From Poland with Love
© FNFreiheit 

Topic of the Month

Elections 2023: Lists, Candidates, Exotic Transfers

President Andrzej Duda decided that the elections to Sejm and Senate will take place on October 15. As expected, Duda opted for a short campaign, preferred by PiS. Parties (5% threshold) and coalitions (8% threshold) had time until September 5 to register their lists. Six committees registered their Sejm lists in the whole country (460 MPs to elect): PiS, Civic Coalition, Left, Third Way, Confederation, and Nonpartisan Local Government Activists (BS). The two first ones are competing to win the race, three latter ones are competing for the third position, and the Third Way (a coalition of two parties: PSL and Poland 2050) is currently fighting to end the race above the threshold. BS lists are a surprise. The grouping is a regional coalition partner of PiS, strong in Lower Silesia. In the Senate, PiS candidates will compete against candidates of the Senate Pact (KO, Left, Third Way) in 100 single-seat constituencies.

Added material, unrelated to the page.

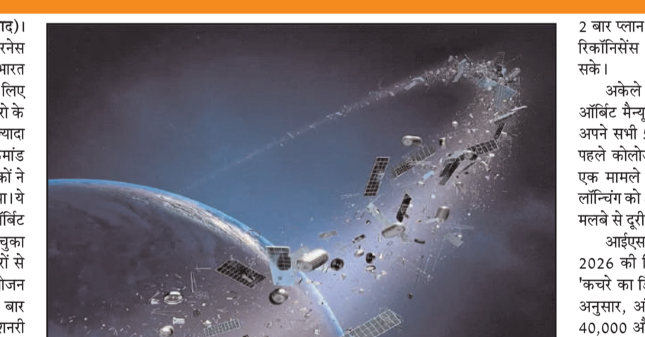
संभावित टकराव को टाला जाता है। पवित्र्य के जोखिम को देखते हुए, भी इसरो को 84 बार

नई दिल्ली, 17 अप्रैल (देवव्रत संवाद)। इसरो की इंडियन स्पेस सिचुएशनल अवेयरनेस रिपोर्ट-2025 के मुताबिक, पिछले साल भारत को अपने सैटेलाइट्स को सुरक्षित रखने के लिए बहुत सतर्कता बरतनी पड़ी। 2025 में इसरो के सैटेलाइट्स के लिए करीब डेढ़ लाख से ज्यादा अलर्ट जारी हुए। ये अलर्ट अमेरिकी स्पेस कमांड से मिले, जिनका विश्लेषण भारतीय वैज्ञानिकों ने अधिक सटीक ऑर्बिटल डेटा के साथ किया। ये आंकड़े साफ संकेत देते हैं कि लो-अर्थ ऑर्बिट अब खतरनाक रूप से भीड़भाड़ वाला हो चुका है। अंतरिक्ष में मलबे के टकराने के खतरों से बचने के लिए इसरो को 18 बार हॉकोलोजन अर्वाइडेंस मैनुवर्ल करना पड़ा। यह 14 बार छपड सैटेलाइट्स और 4 बार जियो स्टेशनरी सैटेलाइट्स के लिए किया गया। इन मैनुवर्ल में सैटेलाइट की गति और ऊंचाई में बदलाव कर

Former Nowoczesna leader Ryszard Petru will close the list of the Third Way in Warsaw. Petru firstly wanted to run for Senate from Warsaw but the Senat Pact didn’t support him. Later he was offered to compete for a seat in the upper chamber in one of the pro-PiS constituencies in the East, but he refused. He wanted to run to Sejm from Warsaw to challenge the libertarian leader of the far right Confederation, Sławomir Metzen, but Civic Coalition didn’t give him a place on their list, so he chose the Third Way proposal. Currently the Third Way is polling below the threshold and may have no representation in the next Sejm. Their lists look like a patchwork with very liberal and ultra-conservative candidates.

Leader of the agrarian party AgroUnia Michał Kołodziejczak will lead Civic Coalition’s list in Konin. Kołodziejczak is a charismatic organizer of farmers’ protests against the government, representing the young generation of agrarian business in Poland. He wanted to run together with the classic farmers’ party, PSL, but PSL’s new coalition partner, Poland 2050, didn’t agree. Tusk’s decision to invite Kołodziejczak to his block shocked both PSL and PiS, as it shows that Civic Coalition is planning to fight for votes in the countryside, natural voter base of conservative parties.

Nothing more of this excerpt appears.